Integrating satellite remote sensing data and hydrological models by data assimilation for a near real time estimation of the soil water content at local scale.

Climate change affects the Earth system at all levels (IPCC et al., 2007). The Monitoring and prediction of droughts and flood events, agricultural production, and analysis of energy and water will continue to gain importance, accordingly. Especially agricultural systems are of the main affected by rising temperatures, extreme precipitation events, and droughts, all of which can lead to crop failures (Lobell et al., 2011). Approximately 40% of the world's crop production comes from irrigated agriculture (Vereecken et al., 2009), the future expansion of which will continue to provide adequate food for the population.
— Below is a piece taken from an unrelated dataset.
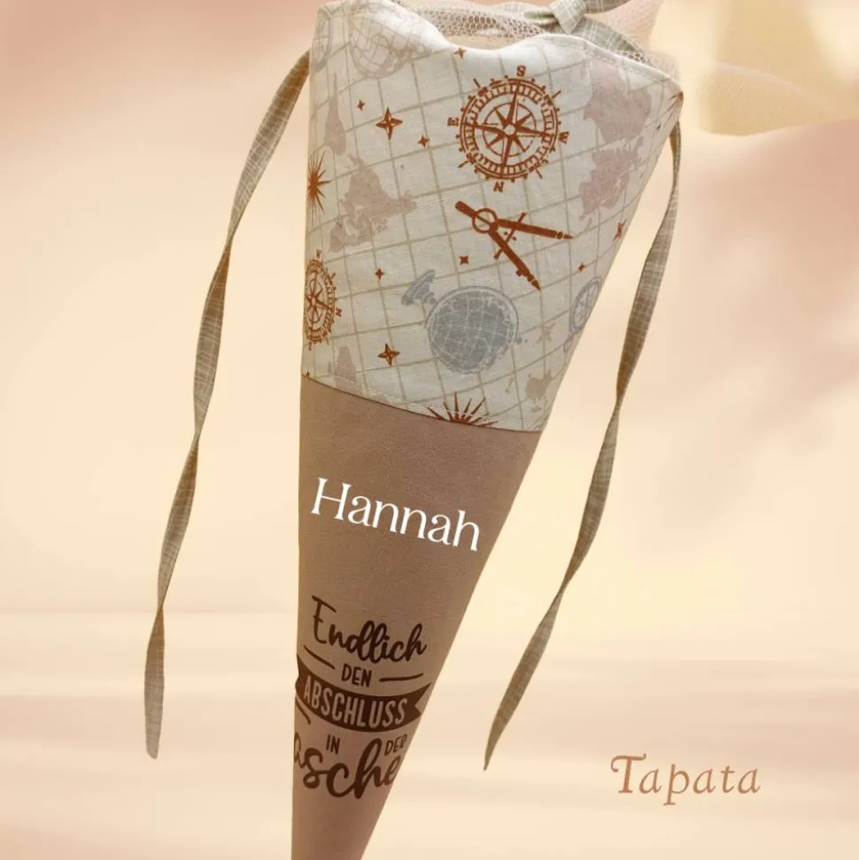 ➡ Namenswunsch: Auf Wunsch kann die Schultüte mit dem Namen oder den Titel (z.B. Dipl., Master oder Bachelor) des Absolventen versehen werden. Bitte geben Sie in das Feld Personalisierungswünsche den Wunschtext ein. Max. 20 Zeichen. Je nach Länge wird die Schriftgröße angepasst..
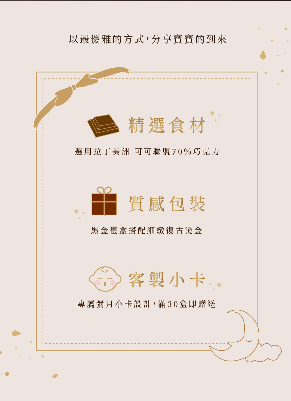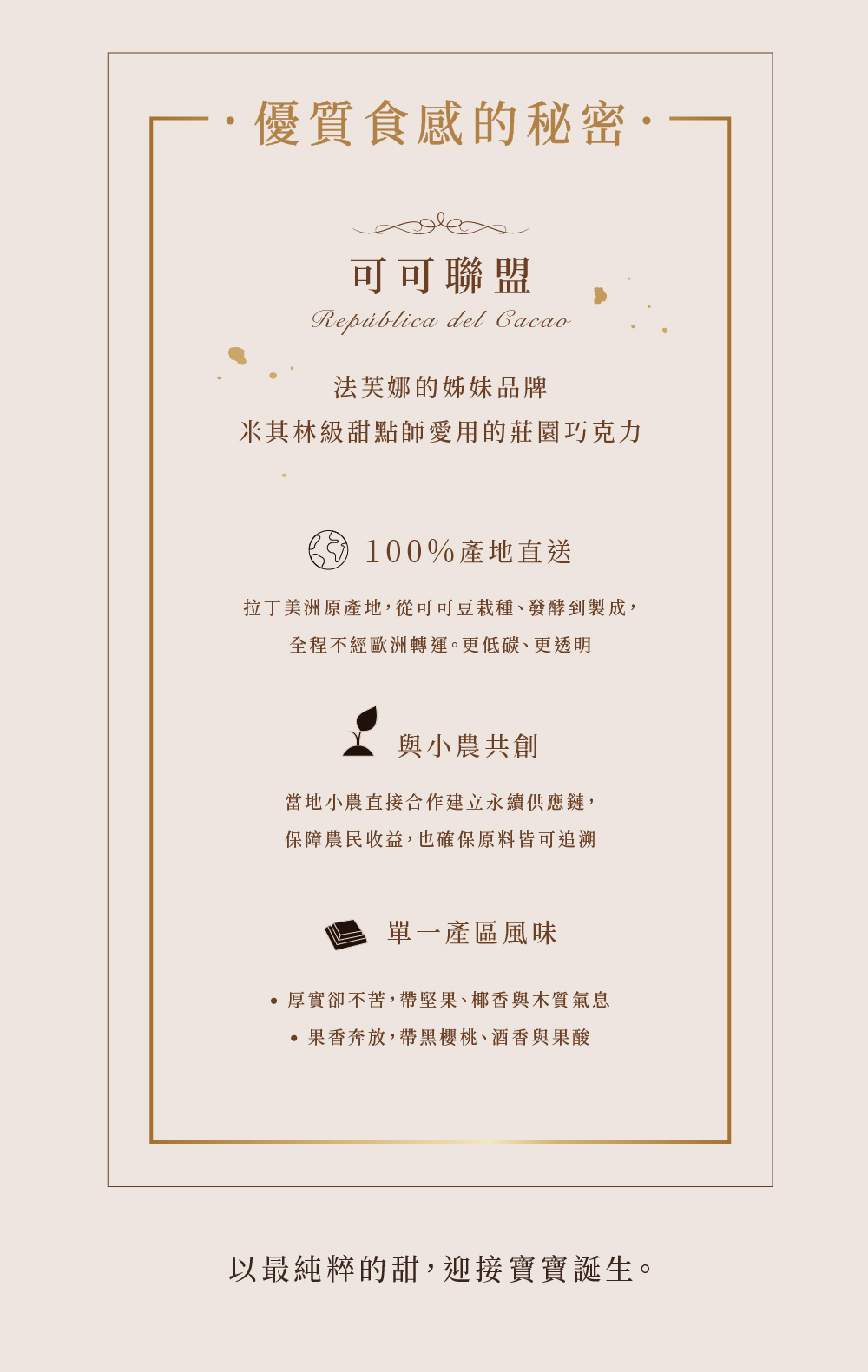 以精緻貴氣的黑金配色搭配復古燙金元素,打造質感抽屜式外盒,致敬莊園巧克力的經典生產工法與純淨天然。將「美味經得起時間考驗」的信念融入其中。如時間流動中留下的風味痕跡。低調中蘊含分量,讓每一次打開抽屜,都是慢下來品嚐的儀式。

However, efficient irrigation must be ensured to prevent unnecessary groundwater depletion (Richey et al., 2015). To increase efficiency and safeguard yields, novel technologies need to be developed for innovative, real-time water management strategies that will allow farmers to make management decisions at the right time (OECD, 2010). Predicting the overall water supply and its components (e.g., soil water content and groundwater) for plants growth and at each growing stage would assure a sustainable irrigation. Therefore, the aim of this study is to predict the root zone soil water content which is one of the main components of the total water supply for plant growth. For this purpose, spaceborne remote sensing data from C- and L-band Synthetic Aperture Radar will be used. These data provide valuable information about the surface soil moisture only. But by integration into a hydrologic model in a data assimilation framework the soil moisture of the root zone as well as the groundwater recharge can be estimated to identify the actual irrigation requirements and resources.